● EXCERPTED DATA:
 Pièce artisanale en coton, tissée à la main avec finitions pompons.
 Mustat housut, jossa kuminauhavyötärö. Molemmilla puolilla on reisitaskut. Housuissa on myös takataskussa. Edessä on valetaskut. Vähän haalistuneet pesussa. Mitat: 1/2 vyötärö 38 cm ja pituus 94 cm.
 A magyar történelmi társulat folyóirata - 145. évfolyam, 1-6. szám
---
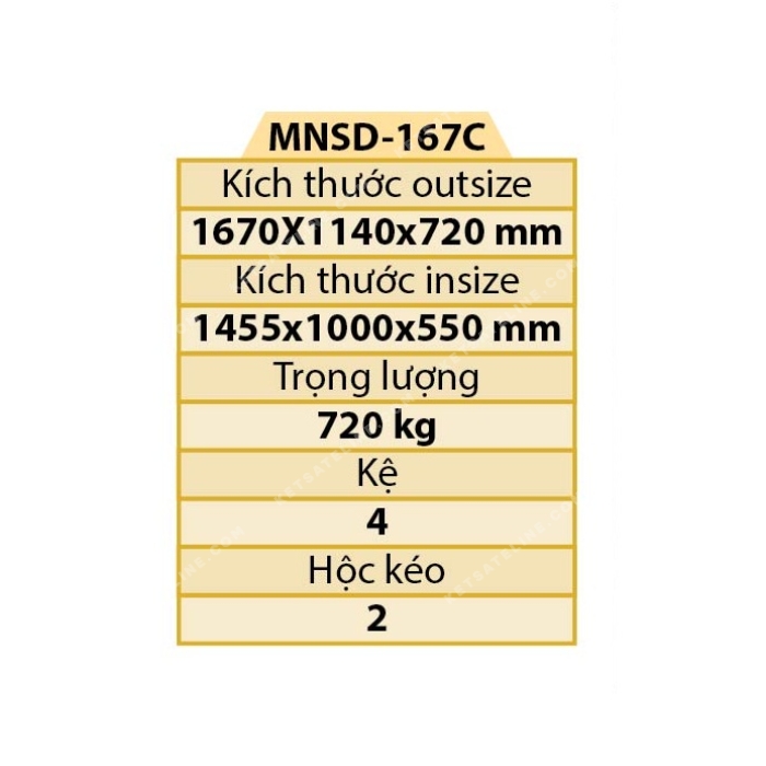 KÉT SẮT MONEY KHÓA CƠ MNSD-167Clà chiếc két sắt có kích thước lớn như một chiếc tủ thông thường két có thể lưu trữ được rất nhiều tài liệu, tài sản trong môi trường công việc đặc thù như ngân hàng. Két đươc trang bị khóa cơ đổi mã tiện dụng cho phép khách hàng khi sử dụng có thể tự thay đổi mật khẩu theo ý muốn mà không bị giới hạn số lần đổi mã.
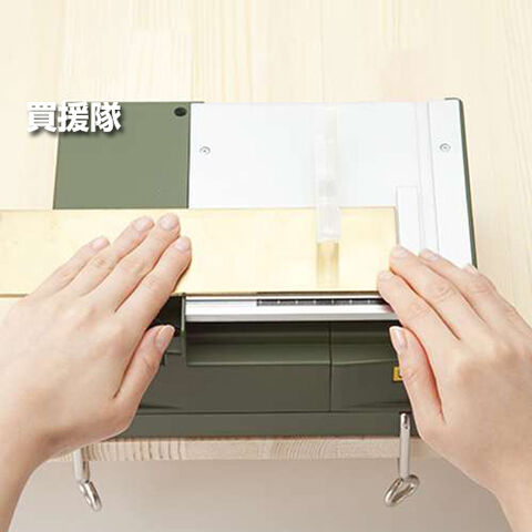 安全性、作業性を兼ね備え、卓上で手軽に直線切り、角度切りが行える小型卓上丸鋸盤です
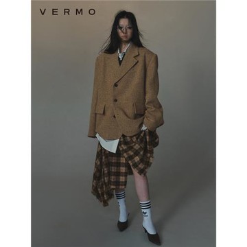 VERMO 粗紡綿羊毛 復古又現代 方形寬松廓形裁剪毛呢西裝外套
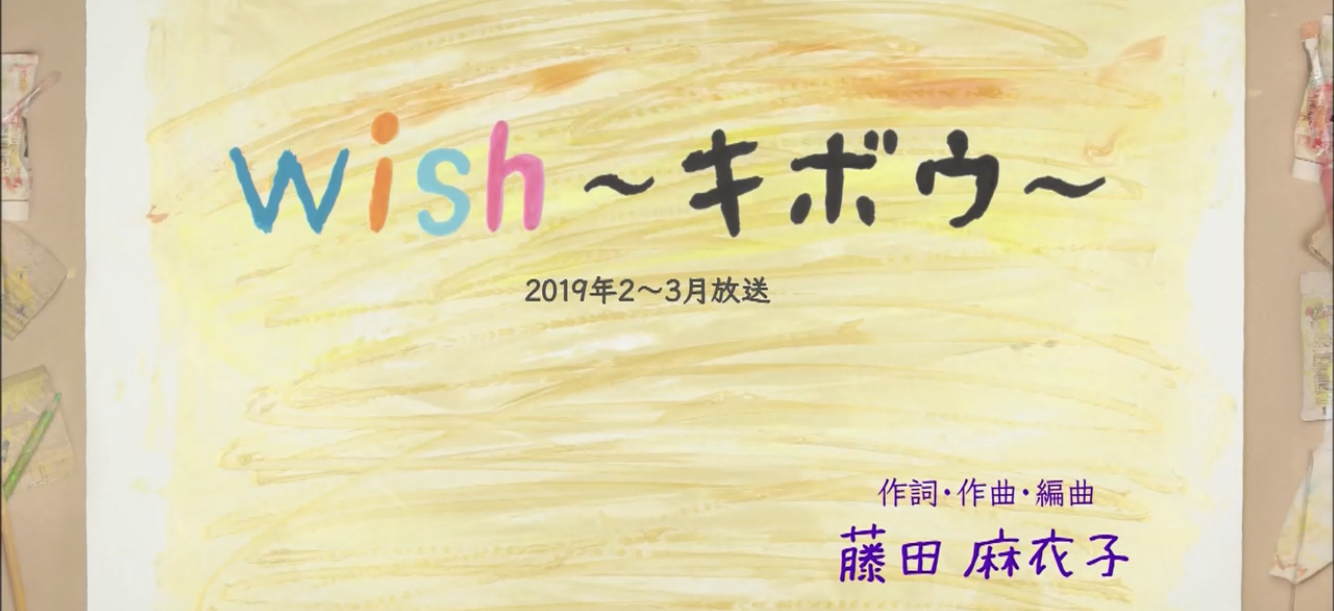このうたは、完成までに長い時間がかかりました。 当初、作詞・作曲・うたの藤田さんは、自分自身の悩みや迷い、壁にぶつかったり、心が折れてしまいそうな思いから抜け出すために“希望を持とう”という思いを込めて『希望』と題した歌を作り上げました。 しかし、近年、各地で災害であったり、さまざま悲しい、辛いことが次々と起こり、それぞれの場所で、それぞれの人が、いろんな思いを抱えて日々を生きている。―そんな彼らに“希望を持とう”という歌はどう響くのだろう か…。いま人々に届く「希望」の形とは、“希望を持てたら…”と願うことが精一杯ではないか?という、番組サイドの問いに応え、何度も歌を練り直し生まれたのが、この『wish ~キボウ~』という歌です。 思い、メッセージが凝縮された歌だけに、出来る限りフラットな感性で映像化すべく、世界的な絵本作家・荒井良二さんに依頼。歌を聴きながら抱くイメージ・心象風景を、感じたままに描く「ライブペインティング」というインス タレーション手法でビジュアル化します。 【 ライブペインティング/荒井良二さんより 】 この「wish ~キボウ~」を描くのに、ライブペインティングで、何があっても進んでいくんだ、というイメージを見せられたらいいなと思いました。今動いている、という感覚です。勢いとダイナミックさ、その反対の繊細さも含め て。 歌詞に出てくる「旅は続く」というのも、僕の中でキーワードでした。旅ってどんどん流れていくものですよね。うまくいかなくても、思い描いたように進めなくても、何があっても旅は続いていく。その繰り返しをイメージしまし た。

● WORK INSTRUCTIONS: What is needed is an exact copy of the lines above, from the one containing "Pièce artisanale en" through the one containing "A magyar történelmi", with nothing added.

● WRITTEN ANSWER:
 Pièce artisanale en coton, tissée à la main avec finitions pompons.
 Mustat housut, jossa kuminauhavyötärö. Molemmilla puolilla on reisitaskut. Housuissa on myös takataskussa. Edessä on valetaskut. Vähän haalistuneet pesussa. Mitat: 1/2 vyötärö 38 cm ja pituus 94 cm.
 A magyar történelmi társulat folyóirata - 145. évfolyam, 1-6. szám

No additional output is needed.